ConvTrans is a data augmentation method that automatically transforms web search sessions into conversational search sessions, addressing the data scarcity problem in conversational dense retrieval by eliminating gaps in session quality and query form, enabling models trained on ConvTrans-generated data to achieve comparable performance to those trained on expensive, manually-created datasets.

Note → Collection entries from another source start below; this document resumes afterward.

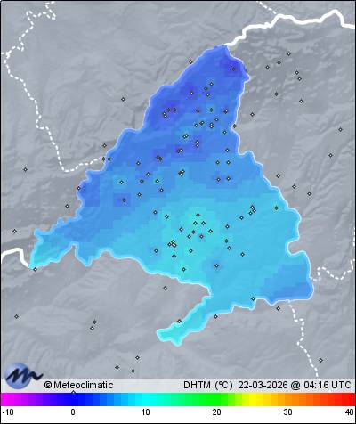 | Actualizado: 01:39 UTC | 3,2°C 92% | 4,1 °C / 92% |  | | 2,9°C / 90% | | 5 km/h N | | 8 km/h | | 1.012 hPa |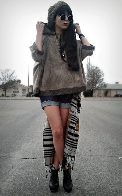 Sugarlips! It’s really big and comfy, something wonderful to snuggle in during those brisk days, it was great for today since there was a strong wind! 🙂 It has the cutest little fringe zipper at the neck too, and a lovely kangaroo pouch! I think this is a really great alternative to the average poncho a lot of kids have been wearing now a days, same feel but only goes to the elbow plus a zip feature! The color makes it really versatile with a lot of different clothing, it’s a great staple piece. Also, I suggest if you’re around a small-medium in shirts to get an X-Small like I am wearing because it is very forgiving in roominess 🙂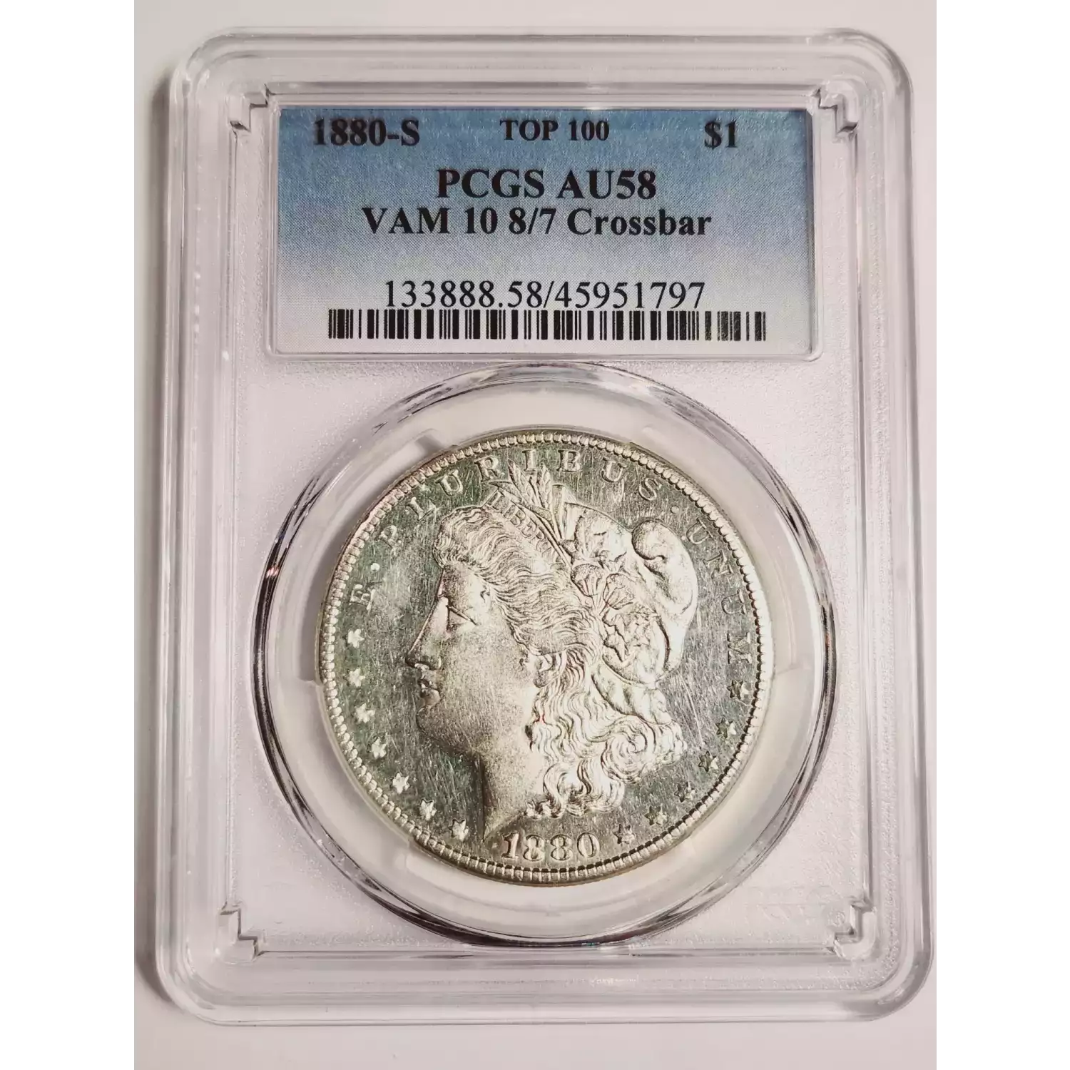 1880-S Morgan Silver Dollar PCGS AU-58 VAM 10 8/7 Crossbar - Top 100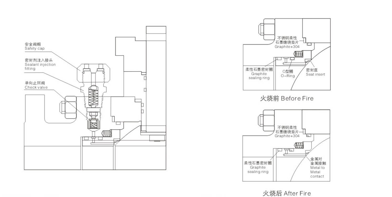 With the valve heated in a fire application, the nonmetal material parts such as seat sealing ring of PTFE, O-ring for the stem, and sealing gasket for body and bonnet, might be damaged due to high temperature. special design of auxiliary metal to metal or the graphite seal is provided for the trunnion ball valve to effectively prevent both internal and external leakage of the valve.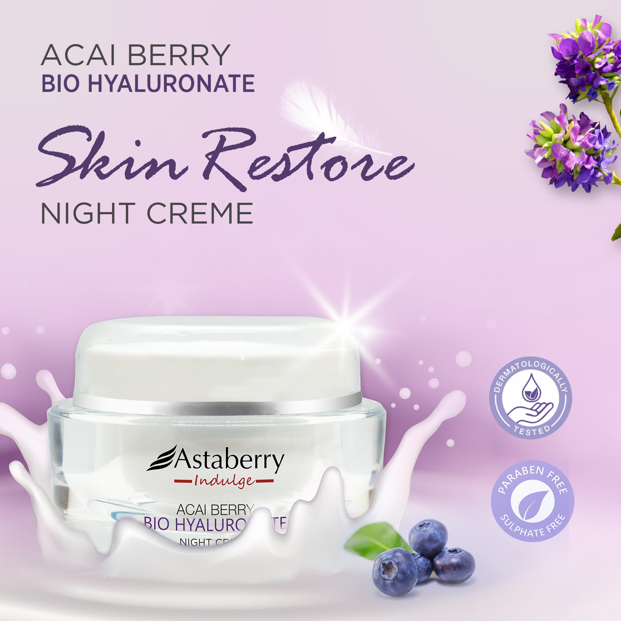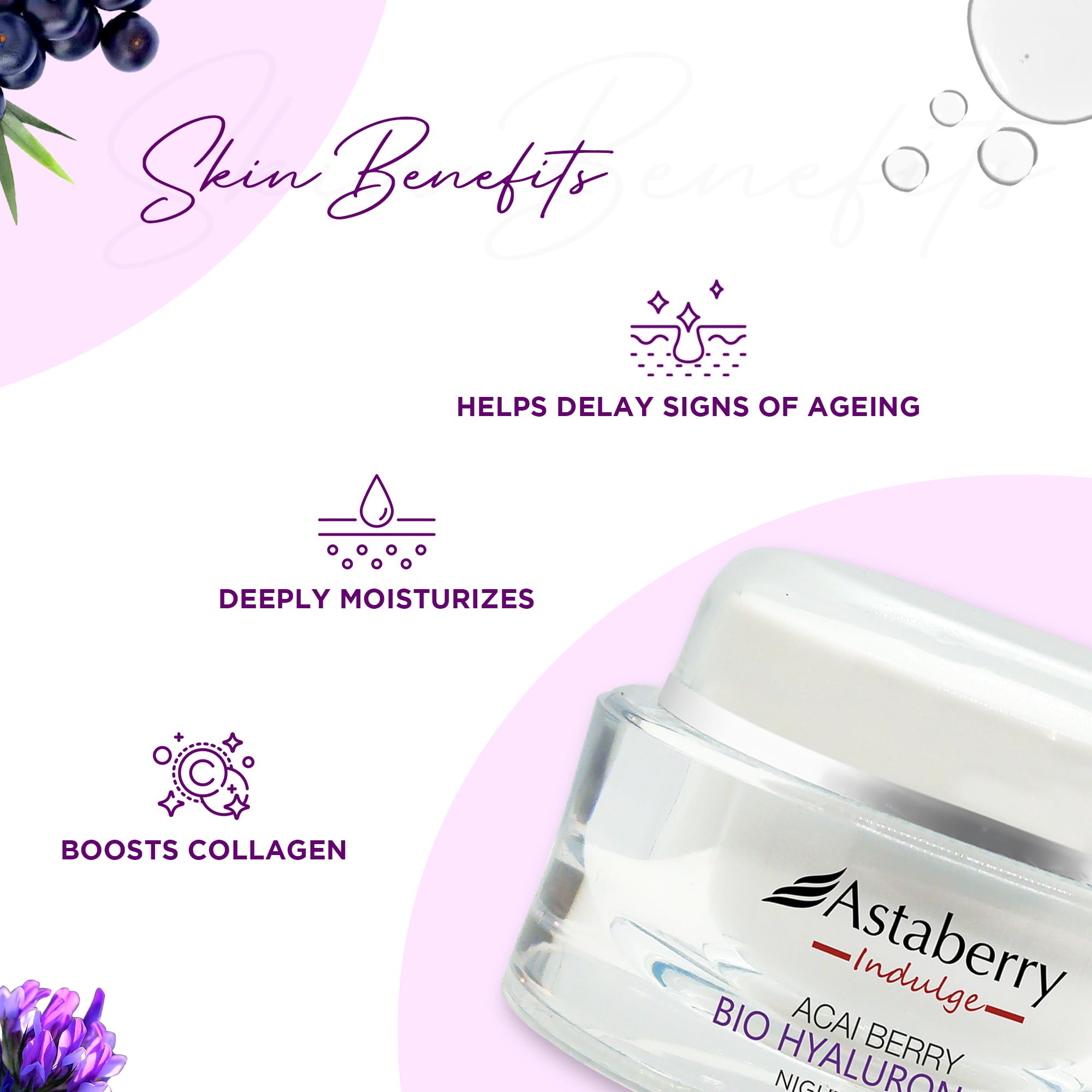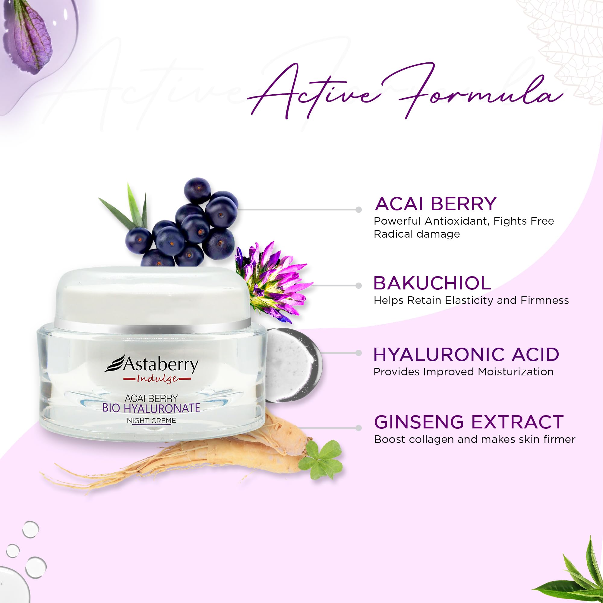 ASTABERRY Indulge Acai Berry Bio Hyaluronate Night Cream For Face | Bakuchiol & Ginseng Extract | Reduces Fine Lines & Wrinkles | Suitable For All Skin Types 50G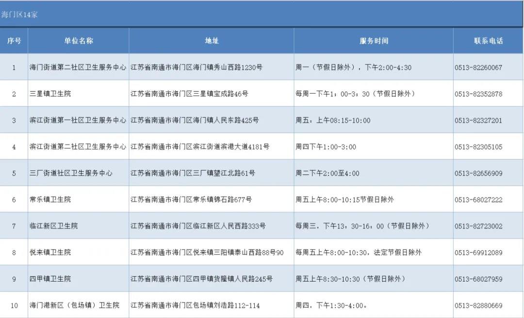 海门区:14家成人预防接种单位。

The MSP model refines and utilizes extensive dialogue history to enhance personalized response generation by extracting key information and leveraging data from similar users, outperforming existing methods in generating more informative and personalized responses.
This paper introduces a pre-training approach that leverages the hierarchical structure of HTML web pages and their DOM trees to enhance language models for information retrieval, demonstrating significant improvements in ranking performance over traditional pre-trained models by incorporating structured web data.
COTED is a novel framework for few-shot conversational dense retrieval that enhances context denoising through curriculum contrastive learning, progressively training the model to filter out noisy conversational turns, and demonstrating superior performance on CAsT-19 and CAsT-20 datasets compared to state-of-the-art baselines.
IMPChat is a retrieval-based personalized chatbot model that learns an implicit user profile by separately modeling the user’s personalized language style and preferences, dynamically weighting context-relevant history, and fusing these signals for response ranking, outperforming baseline models in experiments on large datasets.
Pchatbot is a large-scale Chinese dialogue dataset, significantly larger than existing datasets, that has been meticulously normalized and includes anonymized user IDs and timestamps, enabling the development of personalized dialogue models that learn implicit user personality from dialogue history, with preliminary benchmarks provided for future comparisons.
The Initiative-Imitate model addresses the challenge of overly proactive dialogue agents by balancing the chatbot’s role between speaker and listener, enhancing conversational fluency and engagement through adaptive initiative, and showing competitive results in both automatic and manual evaluations.
This patent proposes a semantic parsing method that combines rules and learning-based approaches.
MemoRAG is a next-generation retrieval-augmented generation system with long-term memory, enabling superior context-aware information retrieval and enhanced performance on complex tasks where traditional RAG systems struggle.